Provided material START

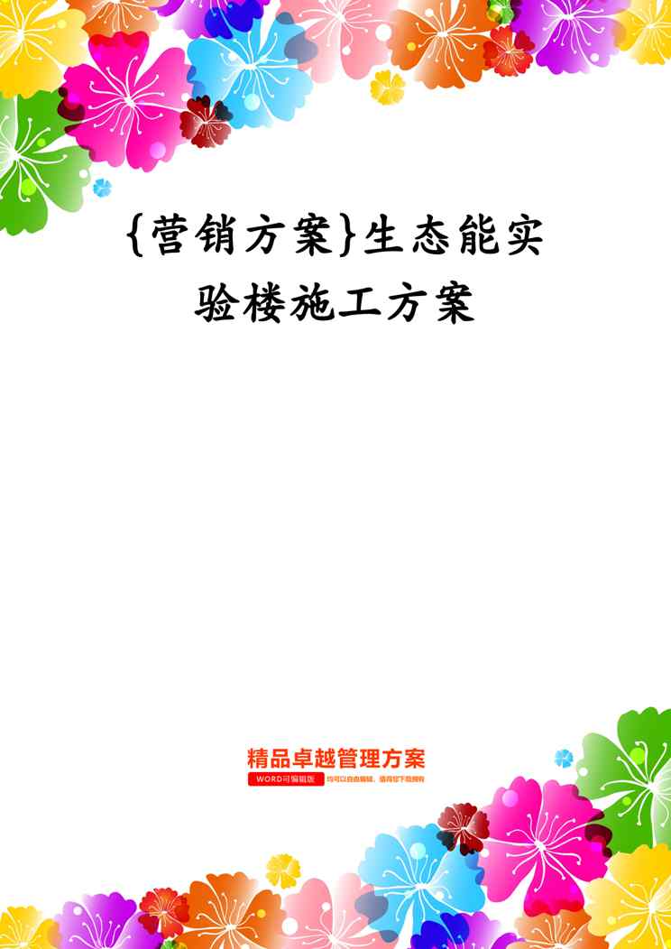 本站资深用户发布了最新的《{营销方案}生态能实验楼施工方案》文档,以下内容为预览,详细内容可下载阅读。 声明:本站所有文章,如无特殊说明或标注,均为本站原创发布。任何个人或组织,在未征得本站同意时,禁止复制、盗用、采集、发布本站内容到任何网站、书籍等各类媒体平台。如若本站内容侵犯了原著者的合法权益,可联系我们进行处理。
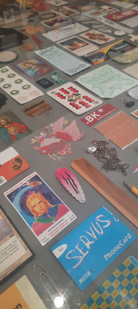 Eine äußerst interessante und ungewöhnliche Ausstellung – und ebenso erheiternd, denn viele der „Lesezeichen“ lassen die Betracher:innen schmunzeln. Mir hat die breit gefächerte Sammlung wirklich gut gefallen, man verweilt an verschiedenen Orten um Zeichnungen zu studieren, alte Einkaufslisten und Postkarten zu lesen oder über die skurilen Dinge zu staunen, die als Lesezeichen Verwendung gefunden haben.
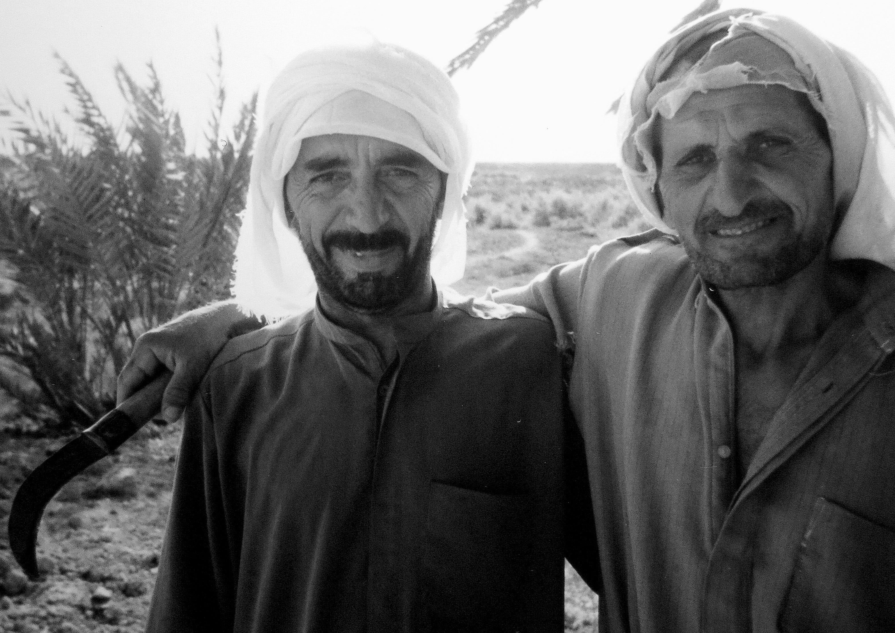 Hamid's neighbour Matrud Aziz Abdullah invited us all to tea. He spread three carpets on the ground. The two farmers and their children and Khaled and my armed escorts - about twenty of us - sat in the shade of Matrud's date palm and drank sweet tea and ate dry biscuits.

Provided material END

▶ **What is being asked**: Give back all of the data exactly, but not the pictures.

▶ **Answer for this exercise**:
 本站资深用户发布了最新的《{营销方案}生态能实验楼施工方案》文档,以下内容为预览,详细内容可下载阅读。 声明:本站所有文章,如无特殊说明或标注,均为本站原创发布。任何个人或组织,在未征得本站同意时,禁止复制、盗用、采集、发布本站内容到任何网站、书籍等各类媒体平台。如若本站内容侵犯了原著者的合法权益,可联系我们进行处理。
 Eine äußerst interessante und ungewöhnliche Ausstellung – und ebenso erheiternd, denn viele der „Lesezeichen“ lassen die Betracher:innen schmunzeln. Mir hat die breit gefächerte Sammlung wirklich gut gefallen, man verweilt an verschiedenen Orten um Zeichnungen zu studieren, alte Einkaufslisten und Postkarten zu lesen oder über die skurilen Dinge zu staunen, die als Lesezeichen Verwendung gefunden haben.
 Hamid's neighbour Matrud Aziz Abdullah invited us all to tea. He spread three carpets on the ground. The two farmers and their children and Khaled and my armed escorts - about twenty of us - sat in the shade of Matrud's date palm and drank sweet tea and ate dry biscuits.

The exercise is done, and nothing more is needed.